Decided On May 14, 1941
GANGA PRASAD NAEK Appellant
V/S
BHAGWAT DEO Respondents

JUDGEMENT

(1.) This is an application in revision against an order of discharge passed by the Sub-Divisional Magistrate of Giridih under Section 209, Criminal P.C., in a case of alleged murder. On plot No. 888 in Mauza Bajania stands the landlord's kutchery. The mauza was shown in the last Survey and Settlement Records as in possession of the petitioner Ganga Prasad or "Gangu" Naik (or rather his ancestors) under a bhugtan mortgage, which was succeeded by several rehan or mukarrari deeds executed in his favour from time to time by some of the Deo accused or their Deo relations, these Deos being the proprietors of the village. In 1936 one Kupa Kumari of the Deo family died, and Katku Deo, one of the accused, claimed to have succeeded to her share. There have been several criminal proceedings between Ganga Naik and Deos regarding the possession of the village. On 4th September last, two of Gangu's men Bandhu Dusadh, a barahil, and Jhari Kahar, a menial, were at the kutchery in anticipation of the arrival of the patwari for the collection of rents, when they heard a hulla and found the accused Dwarka Lal coming up with the other accused (who are Deos) and some other persons. Upon the orders of Dwarka, Bhagbat Deo began to give blows with his phalsa, and Bandhu Dusadh warded them off with his lathi, which thus got cut into two pieces. He was next seized and surrounded, and Katku Deo gave him a barchha blow. Bandhu then came up to the verandah, where he fell down and soon expired. This was the prosecution story.

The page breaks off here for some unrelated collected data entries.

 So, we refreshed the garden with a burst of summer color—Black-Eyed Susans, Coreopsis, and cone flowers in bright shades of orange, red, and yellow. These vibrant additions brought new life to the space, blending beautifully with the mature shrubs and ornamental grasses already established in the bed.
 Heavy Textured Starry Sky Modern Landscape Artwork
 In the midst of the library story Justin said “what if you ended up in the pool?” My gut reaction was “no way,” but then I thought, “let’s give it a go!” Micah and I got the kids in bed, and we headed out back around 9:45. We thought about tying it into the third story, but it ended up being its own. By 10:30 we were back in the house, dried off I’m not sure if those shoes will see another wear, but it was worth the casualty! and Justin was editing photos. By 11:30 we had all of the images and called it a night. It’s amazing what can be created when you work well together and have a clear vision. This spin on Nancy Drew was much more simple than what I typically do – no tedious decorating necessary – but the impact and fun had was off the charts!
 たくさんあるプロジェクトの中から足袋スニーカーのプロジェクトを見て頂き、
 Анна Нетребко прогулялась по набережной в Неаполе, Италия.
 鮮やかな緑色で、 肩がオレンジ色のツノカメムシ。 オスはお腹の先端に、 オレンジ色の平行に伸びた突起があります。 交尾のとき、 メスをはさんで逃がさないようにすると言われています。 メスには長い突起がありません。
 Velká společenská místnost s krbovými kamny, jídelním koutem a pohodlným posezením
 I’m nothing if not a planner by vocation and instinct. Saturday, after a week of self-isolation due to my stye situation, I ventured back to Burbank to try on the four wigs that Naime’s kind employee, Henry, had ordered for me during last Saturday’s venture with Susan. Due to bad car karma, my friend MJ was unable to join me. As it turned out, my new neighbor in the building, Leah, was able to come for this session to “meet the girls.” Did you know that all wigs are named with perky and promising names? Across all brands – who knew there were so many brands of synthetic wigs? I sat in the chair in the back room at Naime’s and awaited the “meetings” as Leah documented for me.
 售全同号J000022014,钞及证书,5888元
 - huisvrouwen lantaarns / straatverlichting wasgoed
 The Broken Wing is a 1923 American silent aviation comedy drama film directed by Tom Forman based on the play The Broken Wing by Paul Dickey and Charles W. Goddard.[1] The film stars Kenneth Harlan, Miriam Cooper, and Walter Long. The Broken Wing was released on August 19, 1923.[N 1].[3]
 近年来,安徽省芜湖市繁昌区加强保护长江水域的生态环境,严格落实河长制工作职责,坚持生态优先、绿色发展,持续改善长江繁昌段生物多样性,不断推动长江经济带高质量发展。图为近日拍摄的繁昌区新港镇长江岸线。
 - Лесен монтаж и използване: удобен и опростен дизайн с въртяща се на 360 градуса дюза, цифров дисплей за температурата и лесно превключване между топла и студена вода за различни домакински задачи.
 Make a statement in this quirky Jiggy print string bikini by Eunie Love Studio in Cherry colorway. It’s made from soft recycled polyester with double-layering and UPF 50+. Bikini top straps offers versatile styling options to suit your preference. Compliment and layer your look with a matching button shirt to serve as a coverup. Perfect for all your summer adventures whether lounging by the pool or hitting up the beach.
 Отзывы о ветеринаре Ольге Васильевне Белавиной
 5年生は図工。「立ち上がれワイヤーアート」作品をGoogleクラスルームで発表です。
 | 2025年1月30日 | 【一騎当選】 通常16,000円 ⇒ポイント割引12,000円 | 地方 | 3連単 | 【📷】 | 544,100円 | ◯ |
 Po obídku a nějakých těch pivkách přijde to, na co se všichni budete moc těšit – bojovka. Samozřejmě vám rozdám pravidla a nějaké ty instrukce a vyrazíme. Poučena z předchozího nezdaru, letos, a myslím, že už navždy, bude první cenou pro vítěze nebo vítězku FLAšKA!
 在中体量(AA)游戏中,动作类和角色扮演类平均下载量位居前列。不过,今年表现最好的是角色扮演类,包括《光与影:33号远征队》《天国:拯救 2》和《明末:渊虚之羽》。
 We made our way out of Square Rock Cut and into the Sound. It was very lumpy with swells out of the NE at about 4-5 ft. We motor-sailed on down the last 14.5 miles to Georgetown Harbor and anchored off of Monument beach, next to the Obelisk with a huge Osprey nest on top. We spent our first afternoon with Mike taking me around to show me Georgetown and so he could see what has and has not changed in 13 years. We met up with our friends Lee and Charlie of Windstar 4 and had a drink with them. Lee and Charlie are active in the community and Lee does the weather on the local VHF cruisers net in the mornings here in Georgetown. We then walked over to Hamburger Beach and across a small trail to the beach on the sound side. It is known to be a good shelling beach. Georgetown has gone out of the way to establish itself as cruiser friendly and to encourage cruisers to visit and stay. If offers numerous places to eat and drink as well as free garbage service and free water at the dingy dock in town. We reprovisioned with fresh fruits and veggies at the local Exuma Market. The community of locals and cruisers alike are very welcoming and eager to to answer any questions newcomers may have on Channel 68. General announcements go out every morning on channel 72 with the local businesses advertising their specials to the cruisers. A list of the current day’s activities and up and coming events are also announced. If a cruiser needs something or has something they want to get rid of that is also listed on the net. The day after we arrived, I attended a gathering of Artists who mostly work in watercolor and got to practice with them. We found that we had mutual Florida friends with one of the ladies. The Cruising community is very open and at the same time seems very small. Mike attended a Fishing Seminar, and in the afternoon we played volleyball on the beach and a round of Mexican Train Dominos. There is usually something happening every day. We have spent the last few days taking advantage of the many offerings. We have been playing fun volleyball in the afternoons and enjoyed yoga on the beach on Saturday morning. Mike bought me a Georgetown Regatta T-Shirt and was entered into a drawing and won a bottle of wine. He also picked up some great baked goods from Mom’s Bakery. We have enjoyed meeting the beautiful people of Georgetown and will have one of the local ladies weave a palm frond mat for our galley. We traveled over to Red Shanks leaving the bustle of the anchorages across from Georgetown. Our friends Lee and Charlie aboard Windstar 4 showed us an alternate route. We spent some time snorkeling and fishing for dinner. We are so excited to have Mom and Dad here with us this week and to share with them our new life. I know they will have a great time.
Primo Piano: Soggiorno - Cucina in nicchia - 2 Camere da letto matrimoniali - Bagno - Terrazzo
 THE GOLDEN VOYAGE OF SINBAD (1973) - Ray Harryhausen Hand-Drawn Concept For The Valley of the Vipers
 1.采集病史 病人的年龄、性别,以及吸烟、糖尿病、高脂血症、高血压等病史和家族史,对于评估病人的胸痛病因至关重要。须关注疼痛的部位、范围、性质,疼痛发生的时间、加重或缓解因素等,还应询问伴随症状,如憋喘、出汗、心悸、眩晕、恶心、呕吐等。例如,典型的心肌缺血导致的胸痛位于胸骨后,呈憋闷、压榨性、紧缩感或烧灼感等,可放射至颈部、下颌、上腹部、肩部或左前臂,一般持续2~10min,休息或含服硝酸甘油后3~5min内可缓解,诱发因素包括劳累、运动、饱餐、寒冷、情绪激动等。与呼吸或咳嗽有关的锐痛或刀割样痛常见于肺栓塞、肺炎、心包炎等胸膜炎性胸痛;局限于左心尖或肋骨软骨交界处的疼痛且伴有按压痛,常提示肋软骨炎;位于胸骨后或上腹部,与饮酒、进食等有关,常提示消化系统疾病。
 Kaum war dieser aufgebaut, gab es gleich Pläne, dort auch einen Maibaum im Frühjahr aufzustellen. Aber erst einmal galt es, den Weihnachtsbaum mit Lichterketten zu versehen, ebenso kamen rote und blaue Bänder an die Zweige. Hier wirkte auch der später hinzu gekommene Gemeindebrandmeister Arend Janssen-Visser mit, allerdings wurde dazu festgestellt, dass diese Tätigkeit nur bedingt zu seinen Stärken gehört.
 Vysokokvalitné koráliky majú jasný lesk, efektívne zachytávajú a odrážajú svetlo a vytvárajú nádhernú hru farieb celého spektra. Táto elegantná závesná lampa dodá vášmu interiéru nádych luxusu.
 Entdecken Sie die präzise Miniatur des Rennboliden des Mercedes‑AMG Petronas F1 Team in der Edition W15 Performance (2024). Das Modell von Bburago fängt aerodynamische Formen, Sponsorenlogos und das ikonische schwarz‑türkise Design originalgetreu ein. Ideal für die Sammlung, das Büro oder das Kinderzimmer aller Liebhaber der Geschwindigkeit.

(2.) The first information drawn up in the case was one of murder against the four Deo accused and was recorded on the statement of a chaukidar who had not seen any of the occurrence himself. On the scene the police found the corpse of Bandhu. The usual post mortem showed that the death was due to shock and haemorrhage from a five inch deep punctured incised wound on the left side of the chest between the second and the third ribs, penetrating through the lung to its root--an injury which, according to the doctor, was probably caused by a sharp edged and pointed weapon such as a spear. After investigation the Sub-Inspector sent the accused up under Secs.302/326/109, Indian Penal Code. The important prosecution evidence related to the question of possession of Gangu Naik and the occurrence itself as seen by three eyewitnesses--Jhari Kahar, the menial who had accompanied the deceased Bandhu Dusadh to the kutchery, and Jhaman Deo and Rurki Singh who spoke of arriving on the scene on hearing the hulla before they ran away.

(3.) There was a counter-version given by the accused Gangu Deo in a first information lodged by him three hours or so after the information of murder lodged by the chaukidar and according to this counter-version, the Deos were in possession of the kutchchery, and 20 persons on behalf of Gangu Naik came, variously armed, and assaulted them. "Later on they (the Deos) came to know that Bandhua was killed." Three defence witnesses were called before the Magistrate, and only spoke of the possession of the accused over the village. The learned Magistrate found that the story of the three eye-witnesses was contradicted by what thejj; had stated earlier to the investigating Sub-Inspector. According to him there appeared "no good reasons to dispute the correctness of the record of their statements in the case diary" and he observed that "in any case the benefit of such earlier statements has to be given to the accused." These earlier statements included statements about how Gangu Naik's men had been turned out previously, and Gangu Naik's men were taken by the Magistrate to have failed on the question of possession in more than one proceeding under Section 107, Criminal P.C. Three of the Deo accused also had incised injuries on their persons, and the learned Magistrate took it that if the mob of Gangu Naik came armed with deadly weapons to dispossess the accused, the latter " had every justification in exercise of the right of their private defence to use as much force as it was necessary to defend their person and property. He considered the defence case to be much more reliable and probable than the prosecution case, and he came to the conclusion that the prosecution evidence was "neither sufficient nor satisfactory to establish even a prima facie case against the accused," that there would be no chance whatsoever of any conviction, and that accordingly there were no sufficient grounds for committing the accused to the Sessions.